Was u wél kandidaat geweest voor een tweede ambtstermijn als uw man nog geleefd had?

“Nee. We hadden net besloten om wat meer van het leven te genieten. Samen fietsen, wandelen, voor de open haard zitten en babbelen... (stilte) Ik vind het vreselijk dat ik hem verloren heb op een moment dat we zulke mooie plannen aan het maken waren.”

Uw dochter woont sinds een jaar in Houston, Texas. Komt ze nog terug, denkt u?

“Ze heeft net een leuke Amerikaan leren kennen, dus die kans wordt met de dag kleiner. (lacht) Ze heeft het goed in Houston. Ze werkt aan het Baylor College of Medicine, een gerenommeerd instituut waar academici uit alle hoeken van de wereld samenwerken. Ze houdt van het Texaanse klimaat en heeft zich wonderwel aangepast aan de mentaliteit van de Amerikanen. Ook al zie ik haar veel minder vaak dan ik zou willen: ik merk aan alles dat ze gelukkig is. En dat is het belangrijkste.”

***

De warmte waarmee ze over haar man en dochter praat, reduceert de verkiezingscrisis aan de UGent tot een bestuurlijk niemendalletje. We drinken inmiddels koffie, de meeste restaurantgasten zijn naar huis, de nacht doet onze stemmen zachter klinken. Le tout nouveau testament komt ter sprake, de film van Jaco Van Dormael waarin mensen op de hoogte worden gebracht van hun sterfdatum. Plots moeten ze zich afvragen wat ze nog willen doen met de dagen, weken, maanden en jaren die ze nog hebben. Met alle existentiële ellende vandien.

“Ik zou het niet willen meemaken”, zegt Anne De Paepe. “We hoeven niet per se te weten wat ons tijdens de rest van ons leven nog te wachten staat.”

Beroepshalve probeert u dat nochtans wél te weten te komen: genetici kunnen steeds beter voorspellen welke ziektes we in ons leven zullen krijgen. Vanaf 1 juli wordt de NIPT-test zo goed als gratis. Het wordt dan een fluitje van een cent om vast te stellen of een ongeboren kind een afwijking zoals het downsyndroom heeft. Een goede zaak?

“Dat er testen bestaan die menselijk leed kunnen vermijden, kan ik alleen maar toejuichen. De vraag is alleen: wat is menselijk leed? Is het opvoeden van een kind dat het syndroom van Down heeft een lijdensweg? Ik denk dat dat een vraag is waarop – afhankelijk van de context – meerdere antwoorden mogelijk zijn. Wat is de psychische draagkracht van de ouders? Welke steun krijgen ze van hun omgeving? Hoe stabiel is hun relatie? Wat voor sommige mensen leefbaar is, zal voor andere mensen ondraaglijk zijn.
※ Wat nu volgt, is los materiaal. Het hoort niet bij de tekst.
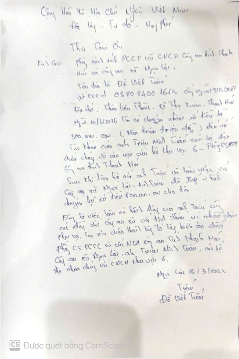 Chiều 13/3/2026, tại trụ sở Công an xã Ngọc Lặc, tỉnh Thanh Hóa, đồng chí Triệu Minh Tuấn, cán bộ Đội Chữa cháy và CNCH khu vực 6, Phòng Cảnh sát PCCC và CNCH, Công an tỉnh Thanh Hóa đã bàn giao, trao trả số tiền 500 triệu đồng do người dân chuyển nhầm vào tài khoản cá nhân. Việc bàn giao được thực hiện với sự chứng kiến của đại diện chỉ huy đơn vị, Công an xã Ngọc Lặc, Ngân hàng Agribank chi nhánh Thọ Xuân và người chuyển tiền nhầm.
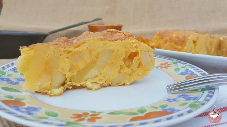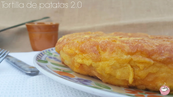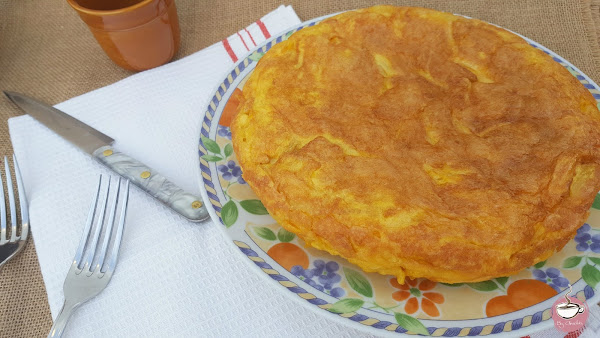 El caso es que cuando le sobran de la comida las aprovecha para hacer tortilla. Ella lo tiene más fácil porque cuando va a hacerla ya tiene las patatas cocidas, con lo que ese paso se lo salta.... Sea como sea, yo la hice para cenar el otro día y no me resultó complicada. Aun teniendo que cocer las patatas tardé mucho menos tiempo en prepararla que una normal con la patata frita. Me gustó por el sabor y sobre todo porque, aunque lleve aceite, es mucho más ligera que la tradicional. La cantidad de aceite que se emplea es mucho menor.

“Men heeft mij vaak gevraagd om regels op te stellen voor prenatale diagnostiek. Ik heb dat altijd geweigerd. Je moet elke situatie apart beoordelen.”

‘Ik geloof dat ik na mijn dood met mijn man herenigd zal worden.’Beeld Wouter Van Vooren

Speelt uw katholieke achtergrond een rol van betekenis in uw werk?

“Tot op zekere hoogte wel. Ik zal bijvoorbeeld nooit een zwangerschapsonderbreking bagatelliseren. Maar soms wordt er bij een ongeboren kind een vreselijke afwijking ontdekt. In dat geval heb ik alle begrip voor ouders die voor abortus kiezen. Zelfs als die abortus tijdens het laatste trimester van de zwangerschap moet worden uitgevoerd.”

Tot slot: trekt u straks opnieuw naar uw geliefde Centrum voor Medische Genetica?

(glundert) “Já. Maar niet als diensthoofd. Die titel heb ik vier jaar geleden opgegeven, het zou ongepast zijn hem nu opnieuw op te eisen. Waarschijnlijk ga ik doctorandi begeleiden en nu en dan raadplegingen doen.”

Is het een optie om vanaf oktober voltijds in zenmodus te leven?

“Nee. Ik wil niet van de ene extreme situatie naar de andere gaan. Er moet een overgangsperiode zijn. (lacht) Maar over een paar jaar kies ik allicht wel voor het dolce far niente. Ik heb de voorbije jaren soms gesnakt naar vrije tijd. Die ga ik mezelf in steeds grotere dosissen gunnen.”